During the months of June and July, 2007, before leaving the state/the country, No Empires will host two film screenings at a location yet to be decided. Relevant information will be posted.

Thursday, May 17, 2007

Well-Made World #5



  • No Empires will never understand why the US Army thinks this scheme will work.
  • The ever-reliable, and brave, Patrick Cockburn interviews one of the most infamous "jackals" (Tariq Ali's phraseology) of the new Iraq, Ahmed Chalabi, who, incredibly, was left off of the original "NO EMPIRES HATES" list.
  • Sorry to be blunt, Mr. Tenet, but fuck your book tour, and fuck you. Too little, too late.
  • Ashley Dawson explains that "while the World Bank's official inquiry denounces the Goodfellas-style strong-arm tactics and scatological language he employed during his tenure as president, it fails to focus on the broader forms of corruption promoted by Wolfowitz. Nor does it allude to the disastrously wrong-headed lending policies that ensure that the Bank's baneful influence will linger long after Wolfowitz's exit." She cites "fundamentally corrupt and undemocratic" appointment procedures at the World Bank and points to a "cronyism at the top extends far beyond Wolfowitz's shady package for his girlfriend" before going on to discuss the Bank's disasterous energy lending policies, which, of course, are unlikely to change once the Bank drops Wolfowitz.
  • Bill Fletcher is a former president and executive of the TransAfrica forum, and he's rightly skeptical about the Obama candidacy.
  • Ali Abunimah, the indefatigable, continues to push for a one-state solution in Palestine/Israel.
  • Yesterday, the NYPD released as-yet-classified internal documents regarding its (extensive/costly/downright fucking frightening) preparation for the actions taken against the Republican National Convention in 2004. The New York Times, apparently looking to flex its "social conscience" muscle behind the ACLU (Mr. Keller, No Empires is not buying it!) has some feedback.
  • No Empires supports single-payer health insurance, though this may, for now, be a losing battle: "The US ranked last [among Australia, Britain, Canada, Germany, and New Zealand) in most areas, including access to health care, patient safety, timeliness of care, efficiency and equity.
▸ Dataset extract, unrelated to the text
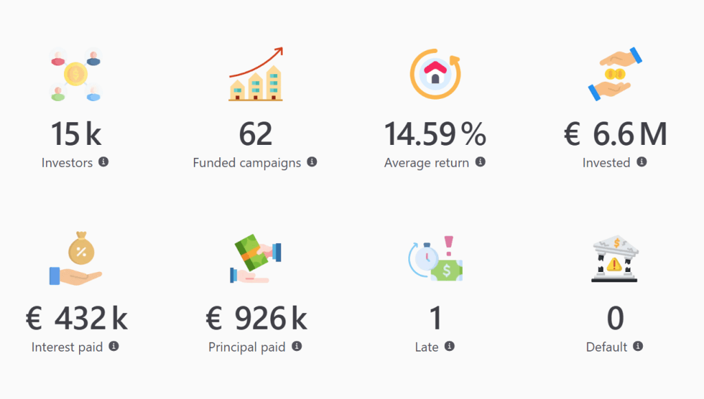 c) El rendimiento neto anualizado medio ha caído del 14,95% al 14,59%, es decir, ha disminuido un 0,36%, pero sigue sin duda dentro del rango alto del sector del crowdlending.

Americans were also last in terms of whether they had a regular physician."
  • Regular contributor John Loose brings us an update on Washington's continuing and nefarious machinations in Venezuela.

Special Report: No Empires Does Not Support 9/11 Conspiracy Theories

Just when No Empires started to feel a bit bad for Rosie ODonnell after the Trump/Rosie debacle a few months back, she has to go and publicize her crazy, counterproductive ideas: see this New York Times article on Rosie's upcoming 9/11 conspiracy segment on The View. Be sure to scroll down to the third comment, a case in point for the Times' Mike Nizza. Then take a look at the inimitable Alex Cockburn's recent work on 9/11 conspiracy theories and the left in Le Monde Diplomatique.

Some choice quotations from the Cockburn article:

"What the 9/11 conspiracists want us to believe is that the Bush/Cheney gang represent a new breed of evil, which might be the most dangerous deception of all, for it fosters the fantasy that a new administration, a Hillary Clinton or Al Gore administration, would pursue more humane policies."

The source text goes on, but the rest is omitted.